— Data for analysis —
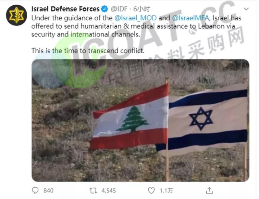 以色列國防部發文表示,以色列已提出通過安全的國際渠道向黎巴嫩提供人道主義和醫療援助。
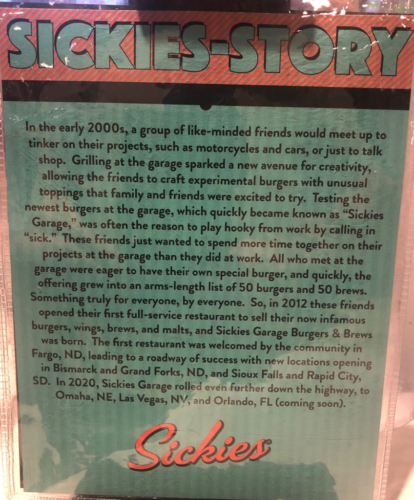 Several miles and a turn around later, turns out that Sickies Garage is a 😎 cool place with some great food.
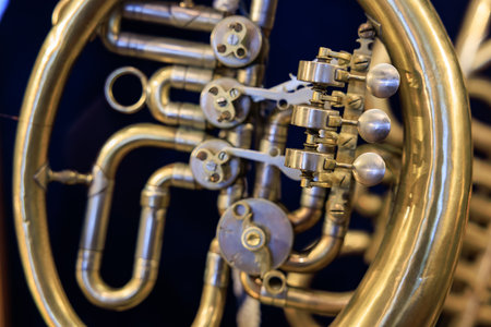 Shiny french horn close up no people interior design detail
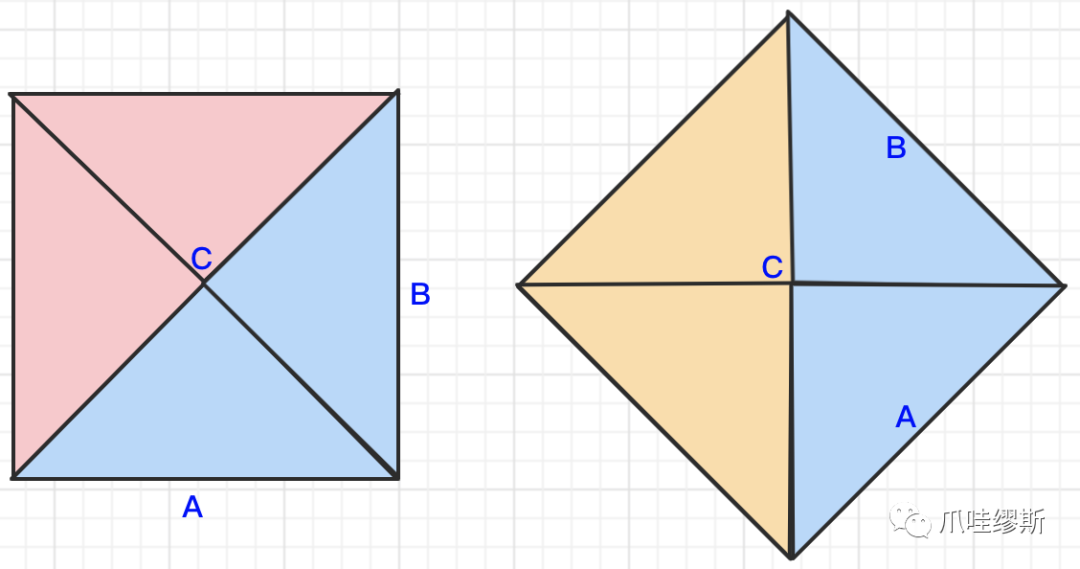 针对正方形,我们其实可以将其拆分成四个等腰直角三角形,如下图所示,A^2 + B^2 = C^2,并且对于其他等边也具有相同的等式,并且对于正方形的对角线也都应该是相同的。所以,我们提供一个验证是否合法的方法,传入3个节点的坐标int[] p, int[] pp和int[] ppp,分别计算这3个节点之间的距离(即:边长),与其他两条边长的长度不相等的就是对角线长度了。我们再计算其他3个节点的对角线长度,如果对角线都相同,则说明是正方形,否则,就不是有效的正方形。
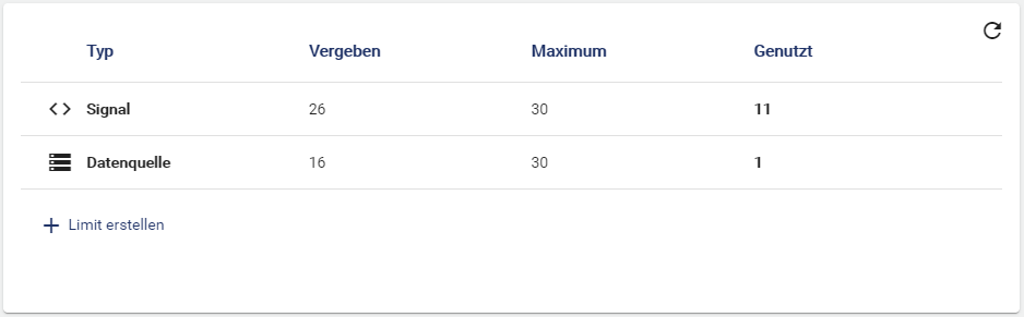 Limits dienen zum Begrenzen der Signale und Datenquellen innerhalb eines Mandanten. Ist ein Limit gespeichert, nimmt die Spalte Maximum die entsprechende Obergrenze an.
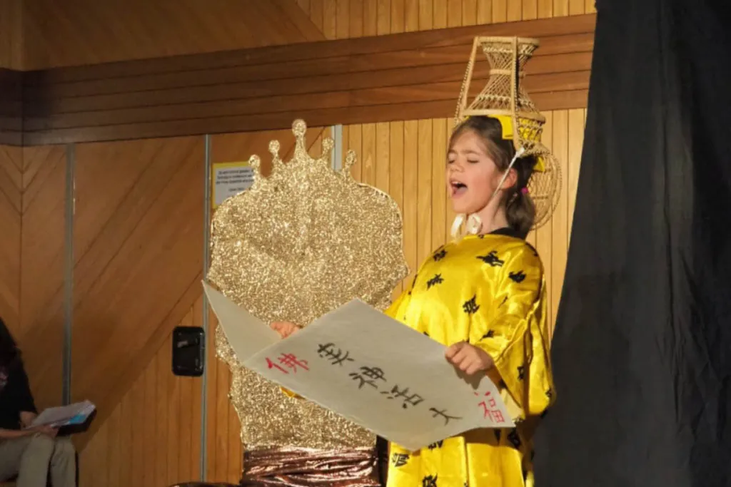Mit viel Spaß und Begeisterung waren die Drittklässler der VS Thüringen beim Theaterprojekt „Die Nachtigall“, ein Märchen von Hans Christian Andersen, dabei.
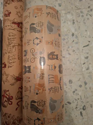 Conjunto de cuatro rollos de papel de regalo con motivos navideños. Se venden por separado Consultar - Papel con diseño de árboles de Navidad y copos de nieve en tonos oscuros. - Papel con diseño de escenas invernales y renos en tonos claros. - Papel con diseño de adornos y motivos navideños en color marrón. - Papel con diseño de gatos y adornos en color marrón.

— Task description —
Looking at the records above, extract only the lines from the one with "Limits dienen zum" through the last line, exactly, with the pictures left out.

— Your solution —
 Limits dienen zum Begrenzen der Signale und Datenquellen innerhalb eines Mandanten. Ist ein Limit gespeichert, nimmt die Spalte Maximum die entsprechende Obergrenze an.
Mit viel Spaß und Begeisterung waren die Drittklässler der VS Thüringen beim Theaterprojekt „Die Nachtigall“, ein Märchen von Hans Christian Andersen, dabei.
 Conjunto de cuatro rollos de papel de regalo con motivos navideños. Se venden por separado Consultar - Papel con diseño de árboles de Navidad y copos de nieve en tonos oscuros. - Papel con diseño de escenas invernales y renos en tonos claros. - Papel con diseño de adornos y motivos navideños en color marrón. - Papel con diseño de gatos y adornos en color marrón.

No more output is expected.